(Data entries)

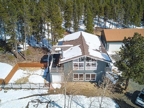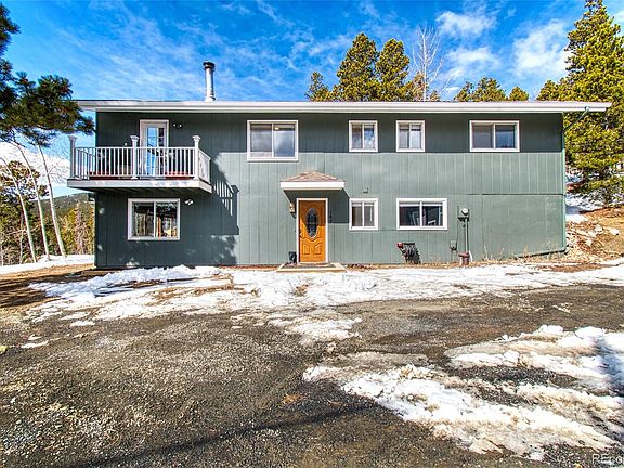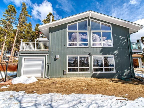 Incredible 1.5 acre lot in Black Hawk features a sunny, updated home and an oversized, insulated, and heated garage! This home offers the perfect combination of privacy and convenience as it's just minutes away from Peak to Peak Highway and in proximity to downtown Black Hawk and Nederland. This two story home has an ideal floor plan: three bedrooms on the main level and one on the lower, making it great space for in-laws or guests. The lower level features a carpeted den, southern facing windows, and a gas fireplace. A bank of southern-facing windows on the main level offer plenty of sun, light, and warmth year round while the real hardwood floors and wood burning fireplace make the home cozy and welcoming. The kitchen features newer LG stainless steel appliances and granite countertops. The home abounds with recent updates including: paint, appliances, bathrooms, and a new hydronic heating system, including boilers, piping, thermostats, and radiators installed in January 2019. The west and south facing Trex deck provides plenty of privacy to enjoy the incredible views and wildlife in the area. Covered storage is available under the deck for firewood, an ATV, or tools. Custom chicken coop and shed stays with the home! The two-door 2100 square foot oversized garage can fit an RV and up to 4 individual vehicles. The garage is partially insulated and can be heated with the gas furnace inside. The garage has an amazing amount of overhead and shelving storage for all your cars, tools, and toys. The neighborhood roads are plowed and maintained by the County and utilities are easy and economical (natural gas, electricity and Internet). This is an amazing mountain home that offers modern amenities in a serene setting. Check out the 3D Matterport Tour or call for a Virtual Showing!
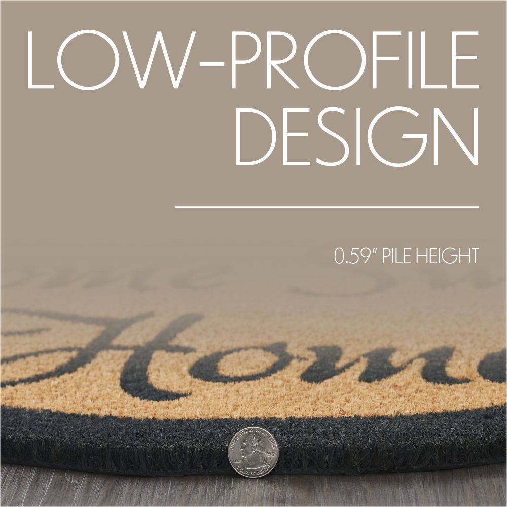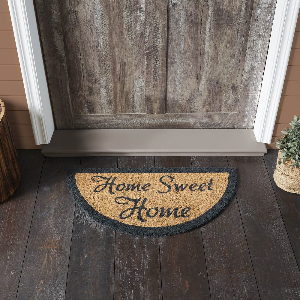 Welcome your guests with the warm, rustic charm of the VHC Brands Home Sweet Home Coir Welcome Rug Half Circle 16.5x33. This beautifully crafted doormat features the phrase Home Sweet Home in dark grey, stenciled against a natural tan coir background. Its half-circle shape adds a unique and inviting touch to any entryway, making it a perfect fit for country or farmhouse-style homes. Designed for both functionality and style, this coir rug is perfect for high-traffic areas, trapping dirt and debris while offering a cozy welcome. The durable coir fibers ensure longevity, while the non-slip PVC backing keeps the rug securely in place, providing stability and preventing slips. The Home Sweet Home sentiment adds a personal, heartwarming touch to your doorstep. For easy maintenance, simply shake or vacuum the rug to remove surface dirt. To preserve its bright colors and extend its life, it's best to keep the VHC Brands Home Sweet Home Coir Welcome Rug in a sheltered entryway. Whether placed indoors or on a covered porch, this rug combines rustic style with practical functionality, making it a great addition to any welcoming home.
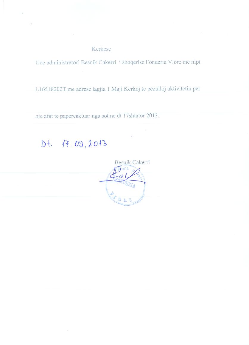 → Ekstrakt historik i regjistrit tregtar date 16.02.2022 → Akti i themelimit → Kerkesa e administratorit per pezullimin e aktivitetit date 17.09.2013 |
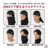 フルフェイスの他、フェイスマスクやネックゲイター等6WAYで使えるマルチアイテム。
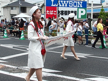 そして、続いてたけはら かぐや姫∞倉敷小町≠フお二人で、向こう側に三原ミスやっさ∞道観光大使≠フお二人です(^.-)☆こっちを向いて!!…と声掛けたい気持ちですけど、恥ずかしくてとても(^-^;
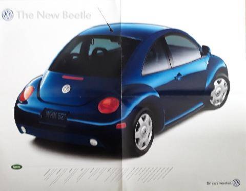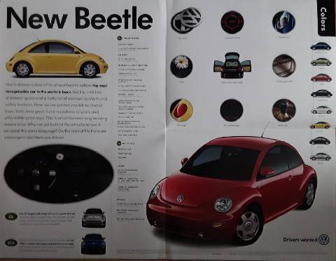 VOLKSWAGEN THE NEW BEETLE COLLECTIBLE 2-SIDED POSTER - 23" x 17.5" - includes car specifications and closeup photographs - new - $17
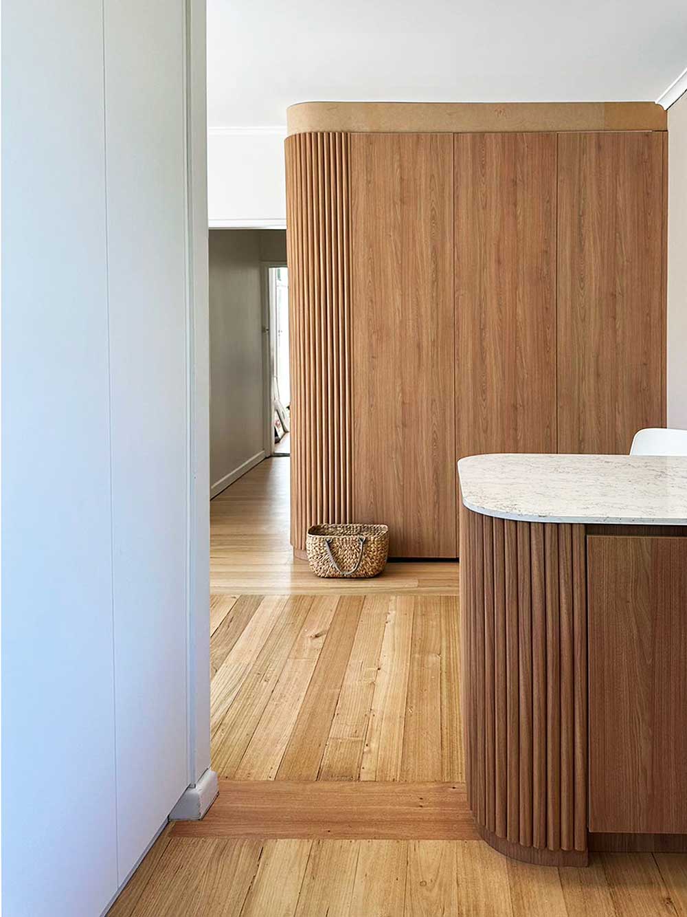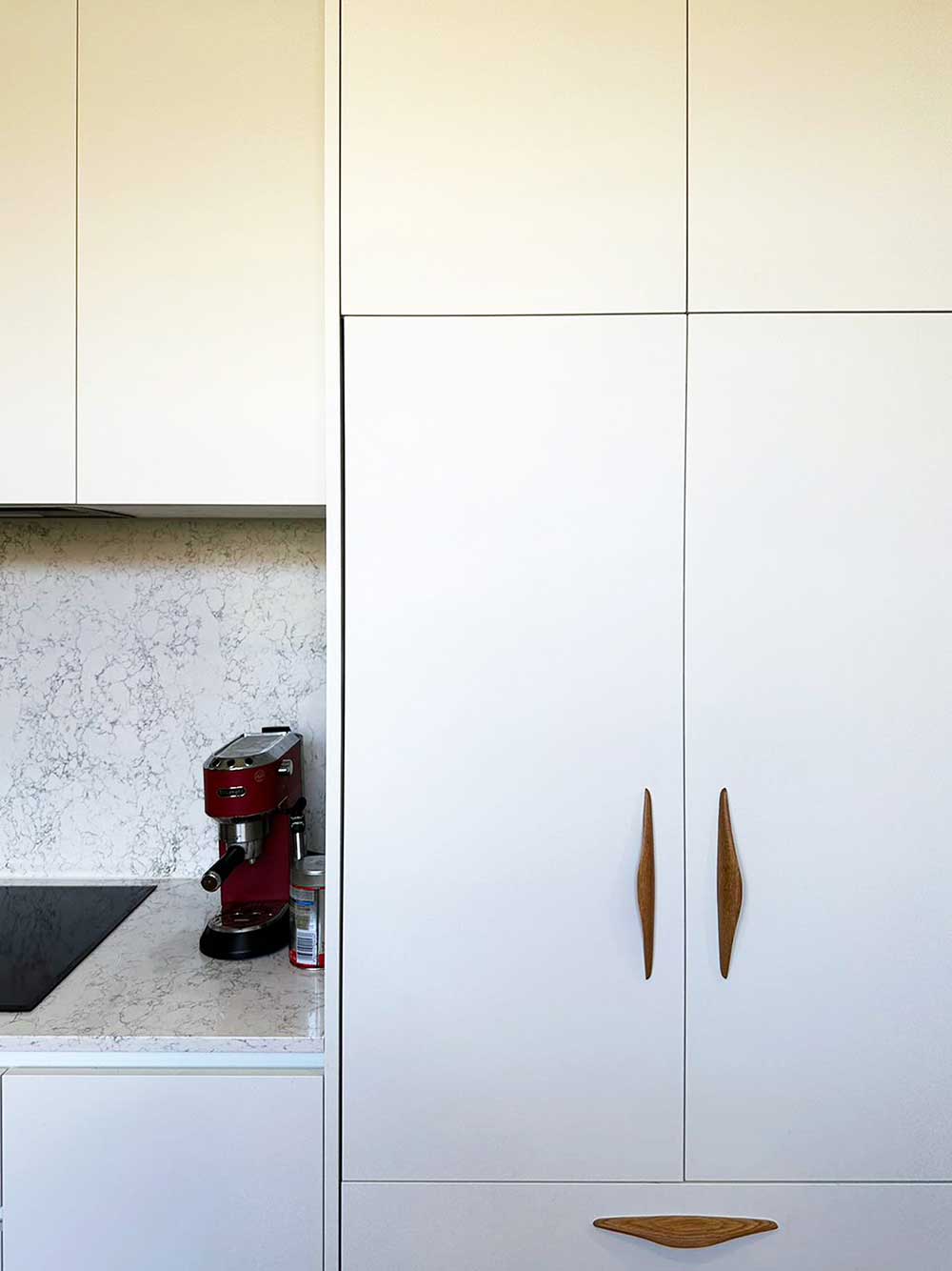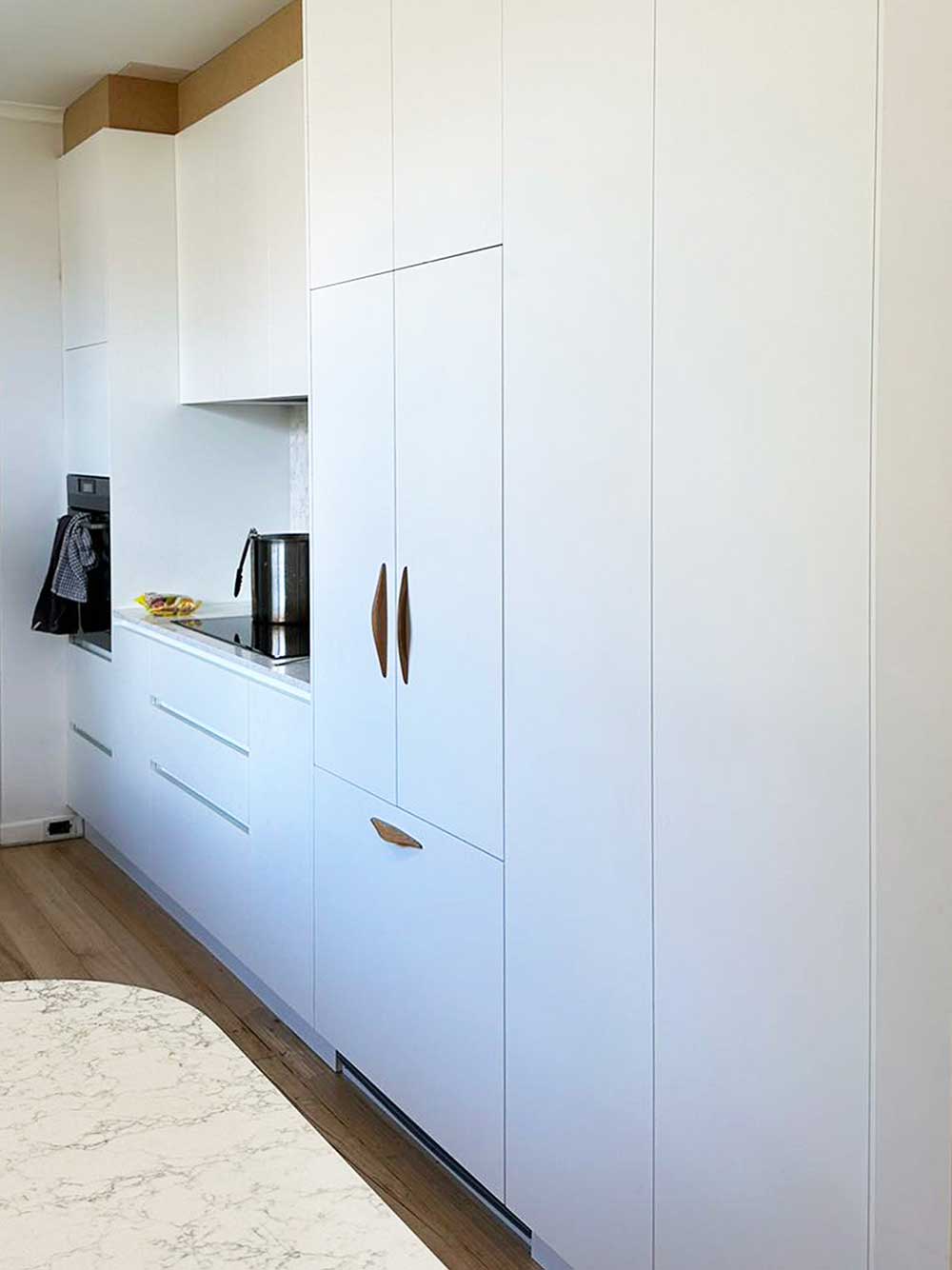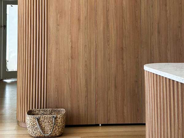 | Doors and panel: | Polytec solid colour natural finish Polytec woodgrain finish for shelf Polytec staccawood 17mm x 34mm half round woodgrain range |
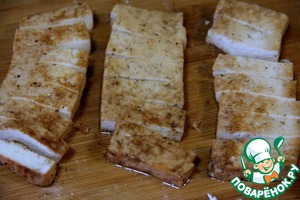 Тофу насухо вытираем бумажным полотенцем и нарзаем на кусочки примерно 0.5см толщиной. Посыпаем одну сторону специями ( по вашему вкусу, у меня смесь перцев ).
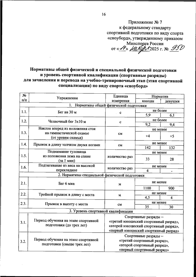ПРИКАЗ Минспорта РФ от 14.11.2025 N 950

- **EXERCISE BRIEF**
Only the pictures are to be excluded; all other parts of the records above are to be given exactly.

- **SOLUTION TO THIS EXERCISE**
 Incredible 1.5 acre lot in Black Hawk features a sunny, updated home and an oversized, insulated, and heated garage! This home offers the perfect combination of privacy and convenience as it's just minutes away from Peak to Peak Highway and in proximity to downtown Black Hawk and Nederland. This two story home has an ideal floor plan: three bedrooms on the main level and one on the lower, making it great space for in-laws or guests. The lower level features a carpeted den, southern facing windows, and a gas fireplace. A bank of southern-facing windows on the main level offer plenty of sun, light, and warmth year round while the real hardwood floors and wood burning fireplace make the home cozy and welcoming. The kitchen features newer LG stainless steel appliances and granite countertops. The home abounds with recent updates including: paint, appliances, bathrooms, and a new hydronic heating system, including boilers, piping, thermostats, and radiators installed in January 2019. The west and south facing Trex deck provides plenty of privacy to enjoy the incredible views and wildlife in the area. Covered storage is available under the deck for firewood, an ATV, or tools. Custom chicken coop and shed stays with the home! The two-door 2100 square foot oversized garage can fit an RV and up to 4 individual vehicles. The garage is partially insulated and can be heated with the gas furnace inside. The garage has an amazing amount of overhead and shelving storage for all your cars, tools, and toys. The neighborhood roads are plowed and maintained by the County and utilities are easy and economical (natural gas, electricity and Internet). This is an amazing mountain home that offers modern amenities in a serene setting. Check out the 3D Matterport Tour or call for a Virtual Showing!
 Welcome your guests with the warm, rustic charm of the VHC Brands Home Sweet Home Coir Welcome Rug Half Circle 16.5x33. This beautifully crafted doormat features the phrase Home Sweet Home in dark grey, stenciled against a natural tan coir background. Its half-circle shape adds a unique and inviting touch to any entryway, making it a perfect fit for country or farmhouse-style homes. Designed for both functionality and style, this coir rug is perfect for high-traffic areas, trapping dirt and debris while offering a cozy welcome. The durable coir fibers ensure longevity, while the non-slip PVC backing keeps the rug securely in place, providing stability and preventing slips. The Home Sweet Home sentiment adds a personal, heartwarming touch to your doorstep. For easy maintenance, simply shake or vacuum the rug to remove surface dirt. To preserve its bright colors and extend its life, it's best to keep the VHC Brands Home Sweet Home Coir Welcome Rug in a sheltered entryway. Whether placed indoors or on a covered porch, this rug combines rustic style with practical functionality, making it a great addition to any welcoming home.
 → Ekstrakt historik i regjistrit tregtar date 16.02.2022 → Akti i themelimit → Kerkesa e administratorit per pezullimin e aktivitetit date 17.09.2013 |
 フルフェイスの他、フェイスマスクやネックゲイター等6WAYで使えるマルチアイテム。
 そして、続いてたけはら かぐや姫∞倉敷小町≠フお二人で、向こう側に三原ミスやっさ∞道観光大使≠フお二人です(^.-)☆こっちを向いて!!…と声掛けたい気持ちですけど、恥ずかしくてとても(^-^;
 VOLKSWAGEN THE NEW BEETLE COLLECTIBLE 2-SIDED POSTER - 23" x 17.5" - includes car specifications and closeup photographs - new - $17
 | Doors and panel: | Polytec solid colour natural finish Polytec woodgrain finish for shelf Polytec staccawood 17mm x 34mm half round woodgrain range |
 Тофу насухо вытираем бумажным полотенцем и нарзаем на кусочки примерно 0.5см толщиной. Посыпаем одну сторону специями ( по вашему вкусу, у меня смесь перцев ).
ПРИКАЗ Минспорта РФ от 14.11.2025 N 950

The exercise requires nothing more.